Mouse serum negative control - New to immunohistochem. Need some help/advise (Jun/22/2010 )
Hi! I've just started doing some immunohistochemistry on paraffin embedded human lung sections and need some help/advise on choosing a suitable negative control.
The primary antibody that i use is a mouse polyclonal raised against a human protein (MS4A8B protein). I have used mouse serum as my negative control and perform a similar dilution as my primary Ab (1 in 50).
Strangely, when i got my results, i noticed that there is heavy staining virtually everywhere on my section with the mouse serum when its actually supposed to show no staining! I am puzzled why this has occurred. Could it be that i am using an innapropriate dilution? Also, i don't know if this would affect my results but i have accidentally left the mouse serum in the fridge (4 celcius) for a few days instead of keeping it frozen in the freezer.
Any help/advise would be most useful. Thank you.
The mouse ab that you use maybe purified and specific for the antigen in your sample. (Are you sure it is polyclonal...rather than Mab?).
the mouse serum you use as negative may contain abs and other proteins that react with human antigens and other proteins present in your sample. the serum is also not exactly a negative control. I negative control would be non-specific mouse antibody of the same purity as your primary and non cross reactive with human proteins.

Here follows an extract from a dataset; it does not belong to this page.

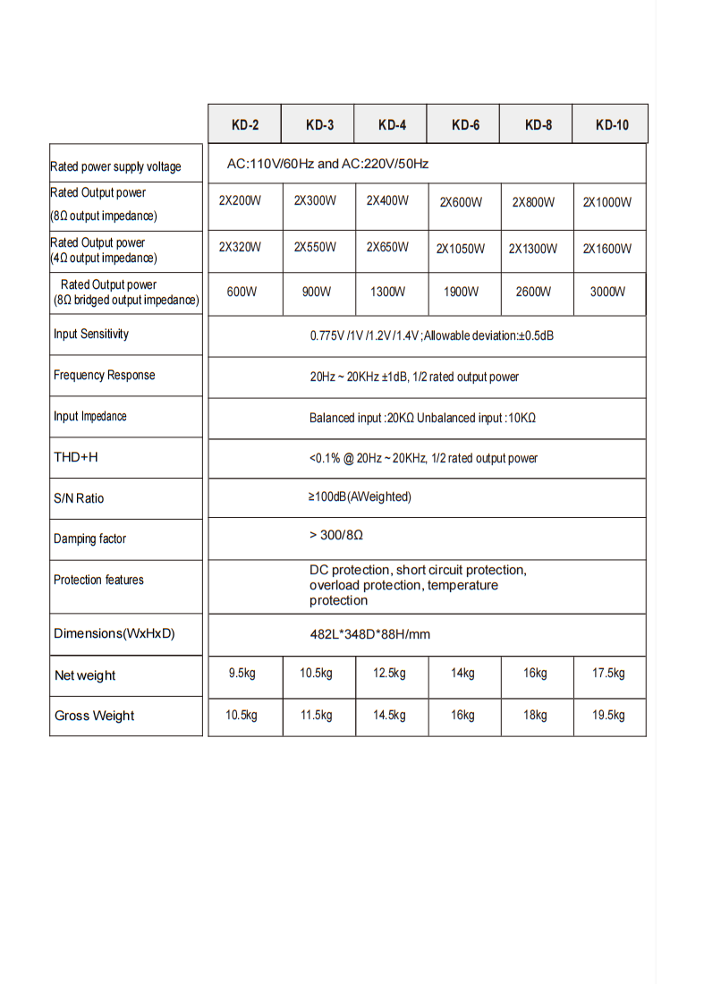 3. KD-3 Professional Power Amplifier, featuring high damping factor, net weight of 10.5kg and comprehensive protection functions.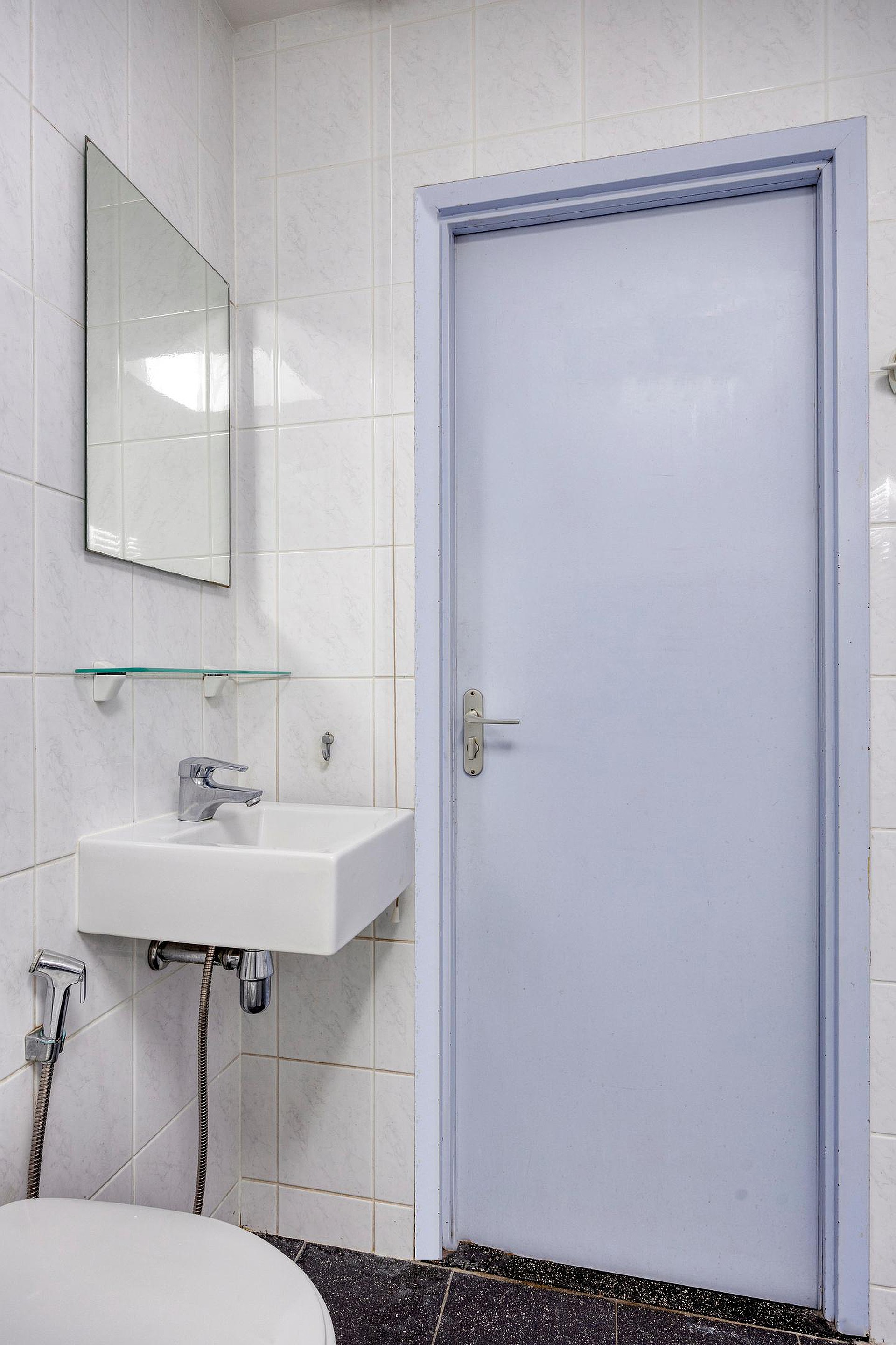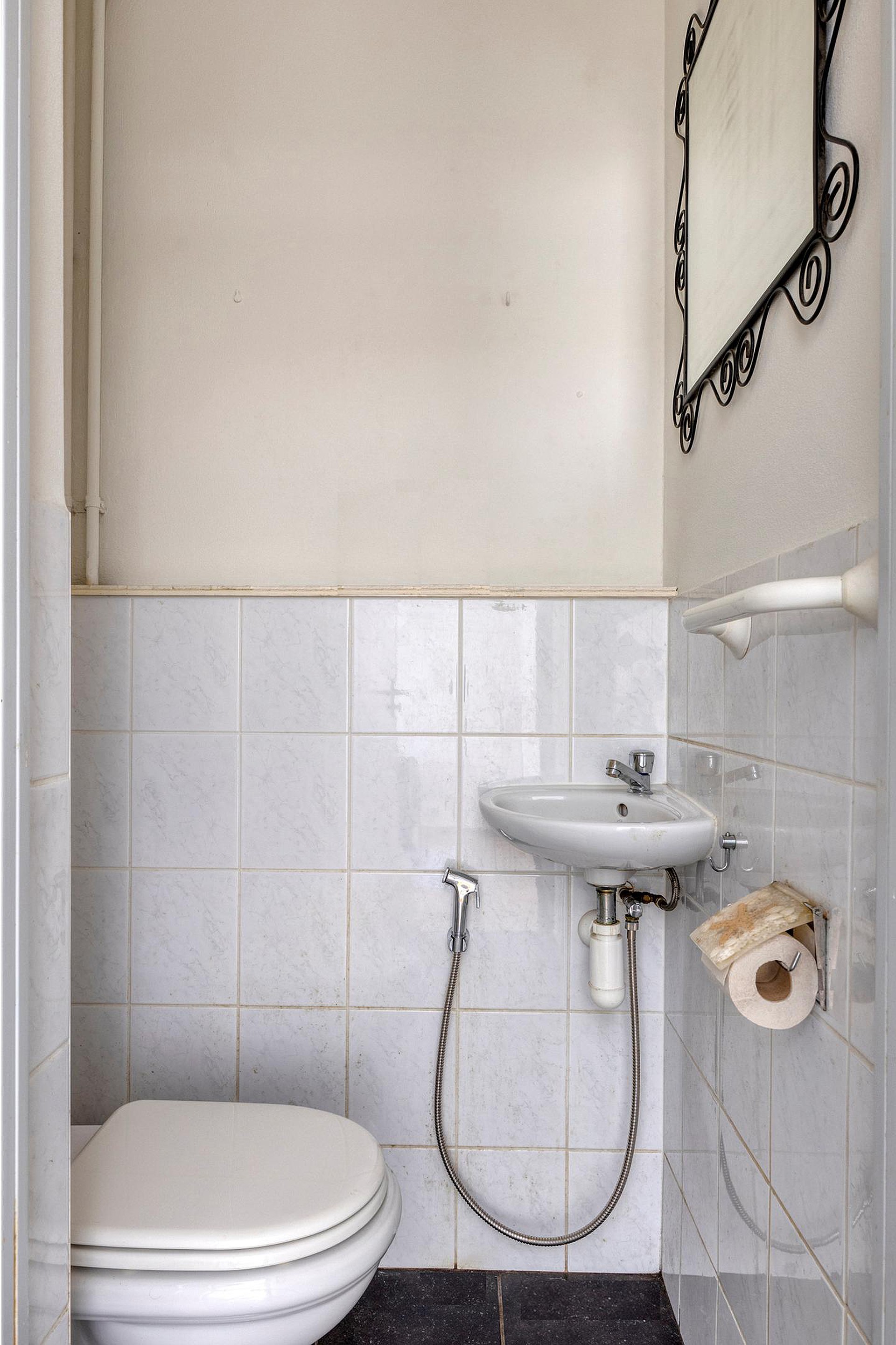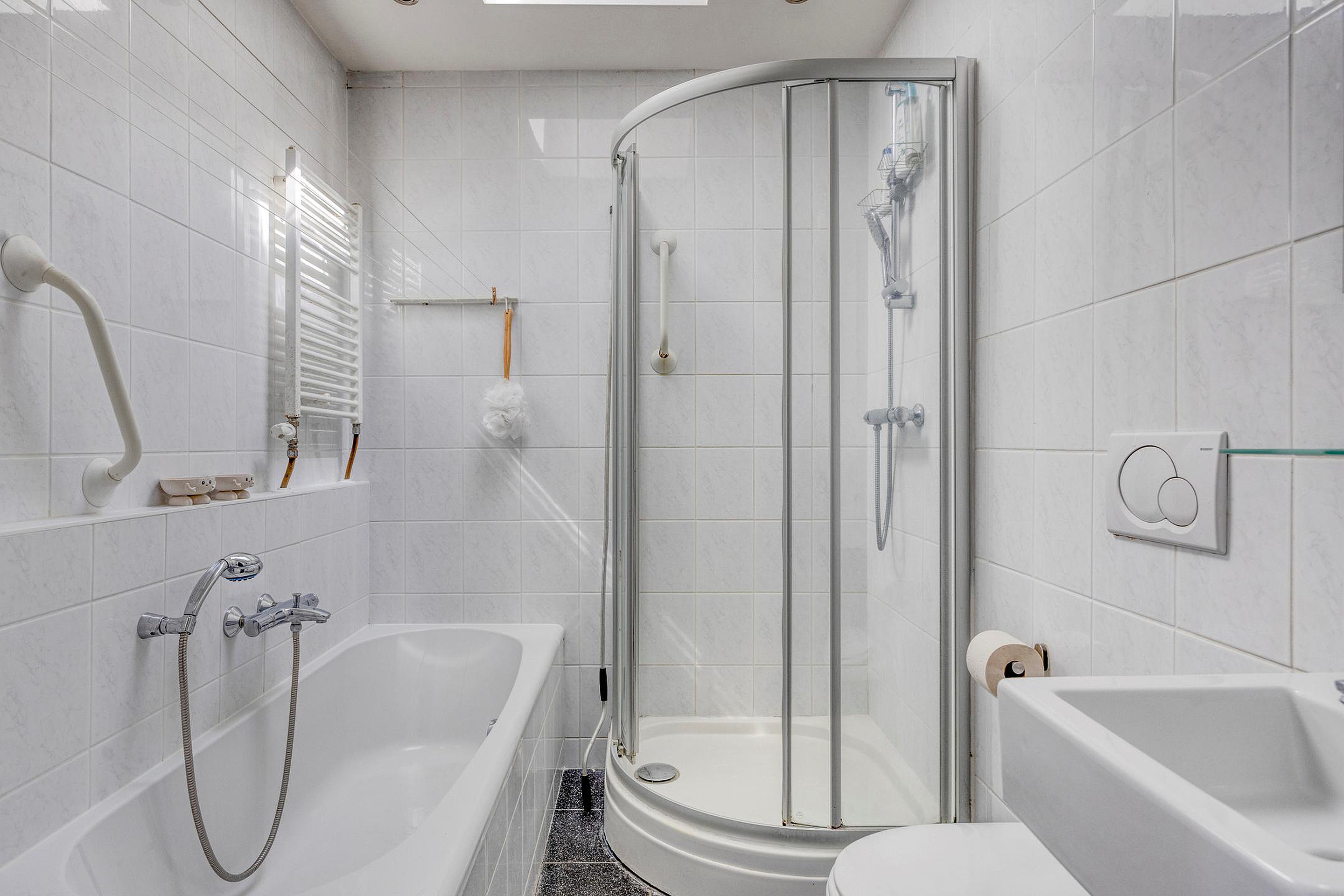 De nette, geheel betegelde badkamer is voorzien van een wastafel, een wandcloset, een ligbad en een ruime douche.

Thus, when you run your test the same concentration of antibodies in the same matrix are added.
Hi. I'm sure the mouse antibody that i've used is a polyclonal antibody.
Also, the reason why i've used mouse serum as my negative control is because i'm following a method performed from a staff previously. From her results, mouse serum showed no staining.
With the mouse serum issue aside, what would you recommend i use as a suitable negative control? Specifically the sections i'm using are human bronchi lung sections embedded in paraffin and my antibody stains most strongly on the epithelial surface and a little bit on the smooth muscle.
Thanks for your input/advise!
obtain some purified mouse IgG. Expressing protein concentrations by dilution is incorrect (ie "1:50" etc). With both your primary ab and your purified control determine OD 280 to obtain concentrations in mg/ml and use both of them at the same concentration (ie you will convert your '1:50' dilution to mg/ml and your control will be used at this same concentration.)
Your conjugate should be specific for mouse IgG and not react with human proteins. Be sure to test the dilution you use on a slide without the mouse abs to see if there is any binding and titer accordingly.